(Collected material):

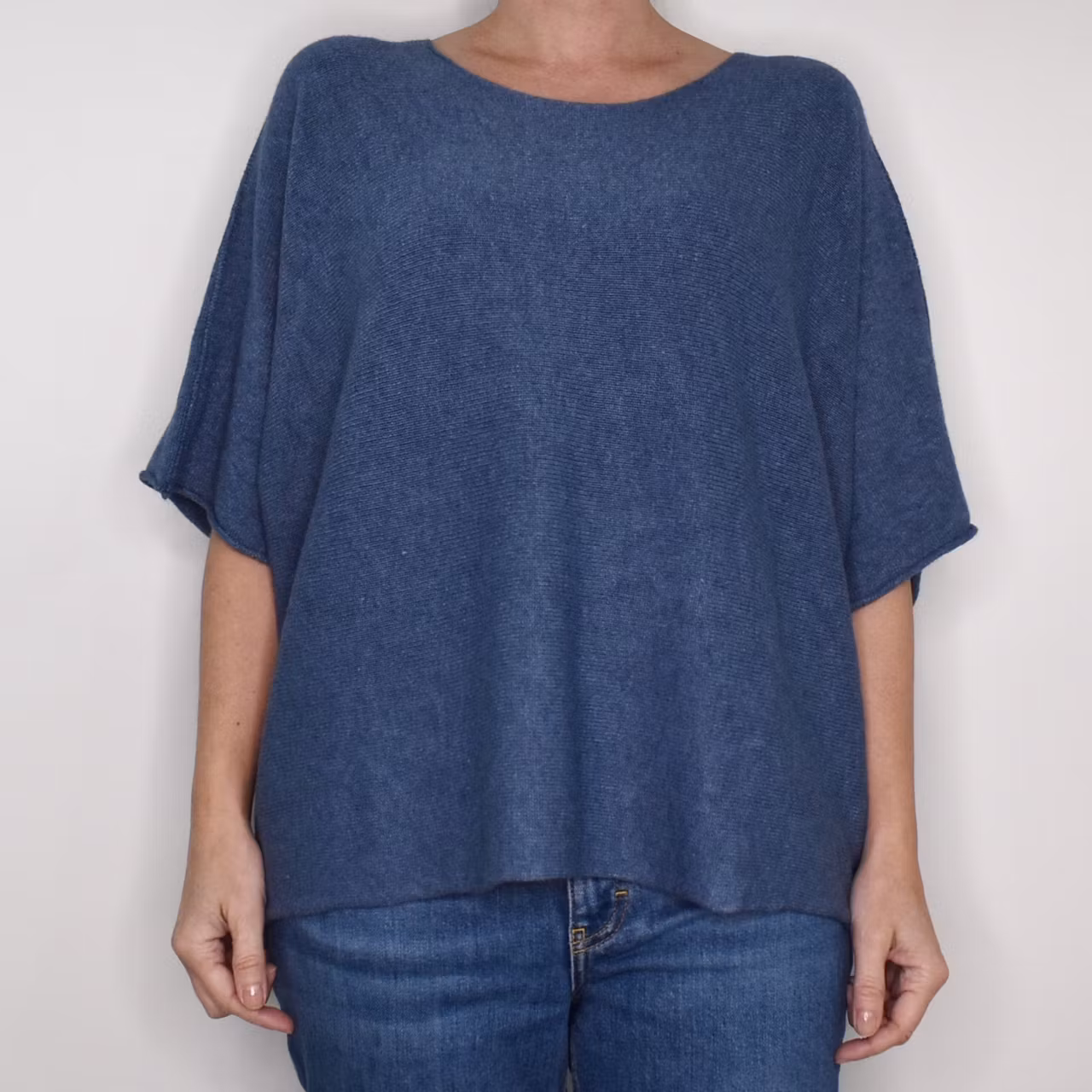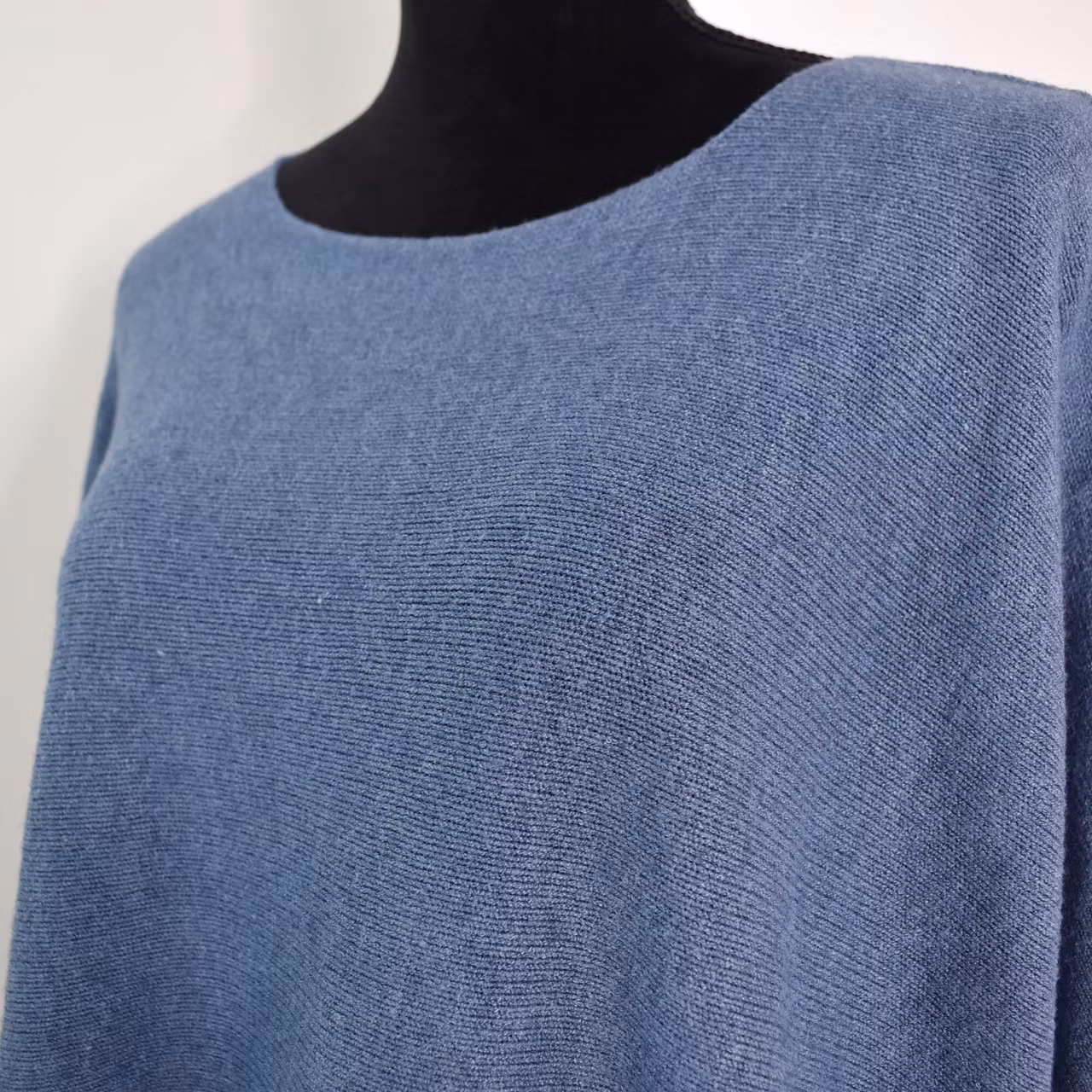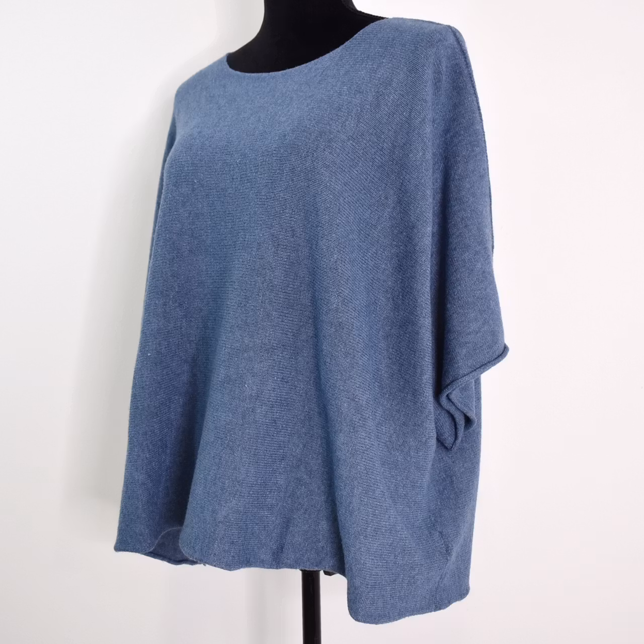 Det här är en härlig finstickad ponchotröja i skönt material. Ponchotröjan är kort och mycket vid, samt har kort ärm. Halsen är tjusigt rundad. Materialet är mjukt och följsamt. Rymlig passform! Modellen har en bröstvidd på cirka 88cm och är 163cm lång.
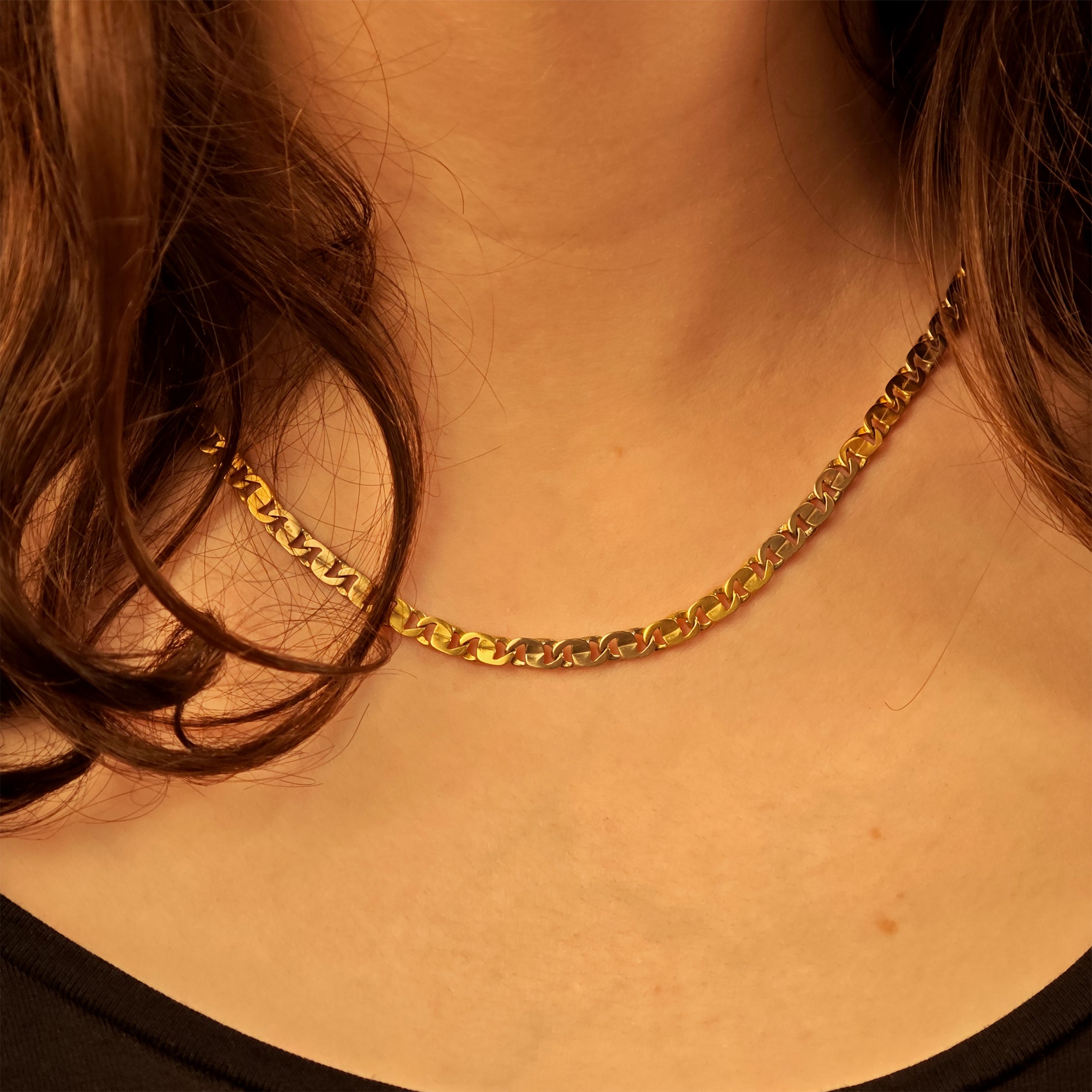 Zweifarbige Metallkette mit gold- und silberfarbenen flachen Gliedern und mittigem Karabinerverschluss.
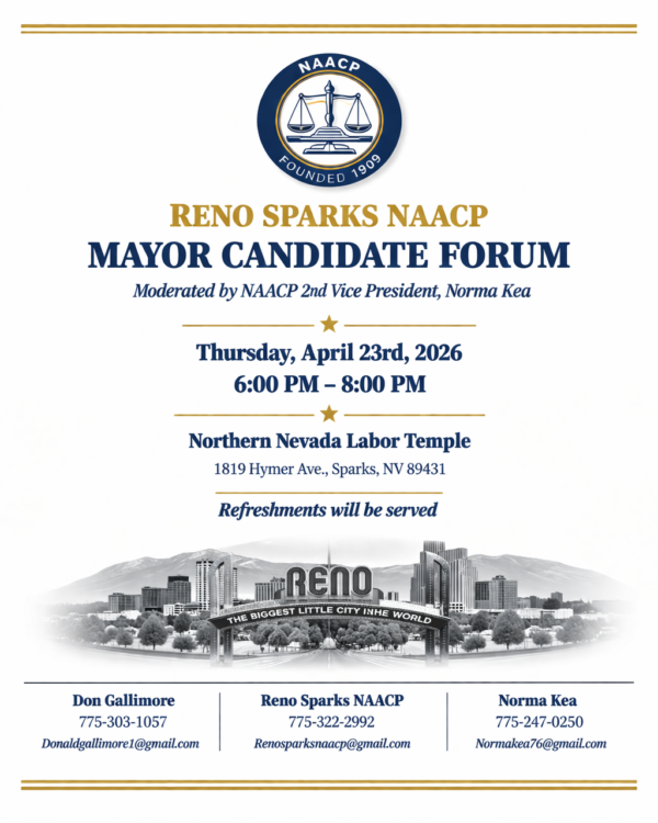 Thursday, April 23, 2026 6:00 PM – 8:00 PM Northern Nevada Labor Temple,1819 Hymer Avenue, Sparks, NV 89431 This forum will provide an opportunity for community members to hear directly from candidates and engage with key issues affecting Reno and Sparks. The event will follow a structured, moderated format to ensure a respectful and balanced […]

(About this task):
The result is an exact copy of the lines from the one holding "Zweifarbige Metallkette mit" through the final line of the data above, both ends included, minus the pictures.

(Output below):
 Zweifarbige Metallkette mit gold- und silberfarbenen flachen Gliedern und mittigem Karabinerverschluss.
 Thursday, April 23, 2026 6:00 PM – 8:00 PM Northern Nevada Labor Temple,1819 Hymer Avenue, Sparks, NV 89431 This forum will provide an opportunity for community members to hear directly from candidates and engage with key issues affecting Reno and Sparks. The event will follow a structured, moderated format to ensure a respectful and balanced […]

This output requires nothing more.